The High Court within the U.K. today dismissed Wikipedia’s challenge to the country’s far-reaching online safety laws, rejecting its claim that the foundations were flawed.
The Online Safety Bill, or OSA, which the federal government has vowed will tame the “Wild West” of the web, has been controversial because it was first proposed. It’s viewed by its critics as ushering in a brand new type of authoritarian surveillance. The British government claims its goal is to make the country “the safest place on this planet to be online.”
One among those early critics was the Wikimedia Foundation, the nonprofit organization that helps run Wikipedia. As a nonprofit whose sole purpose is education, the platform has argued it doesn’t belong within the “category one” bracket of online entities with other large entities similar to social media platforms, where, like them, it would face the strictest scrutiny. Nonetheless, the law states that any online service with greater than 7 million users routinely becomes category one.

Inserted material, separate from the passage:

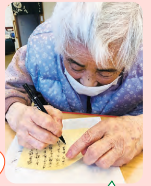
絵馬に願いを込めて

The inspiration argued that the law is just too broad, stating that whether it is indeed categorized as high-risk, enforcement will mean its contributors can have to confirm their identity, which is able to undermine their privacy and safety. There are around 230,000 volunteer editors for Wikipedia, in addition to 3,500 administrators. The English version alone incorporates greater than 7 million articles and receives, on average, 597 latest articles a day.
The principles for category one entities also mean strict protections for users and constant reporting to British regulators on possible harmful content. The web site argued that if required to stick to those rules, it could lose about three-quarters of its U.K. audience.
The court rejected Wikimedia’s arguments, but added that this doesn’t give the British government and its regulator Ofcom “a green light to implement a regime that will significantly impede Wikipedia’s operations.” The judge argued that if Wikipedia does change into classified as category one and finds itself unable to operate, the country’s technology secretary, Peter Kyle, should “consider whether to amend the regulations or to exempt categories of service from the act.”
“While the choice doesn’t provide the immediate legal protections for Wikipedia that we hoped for, the court’s ruling emphasized the responsibility of Ofcom and the UK government to make sure Wikipedia is protected because the OSA is implemented,” said Phil Bradley-Schmieg, lead counsel on the Wikimedia Foundation. “The judge recognized the ‘significant value’ of Wikipedia, its safety for users, in addition to the damages that wrongly assigned OSA categorizations and duties could have on the human rights of Wikipedia’s volunteer contributors.”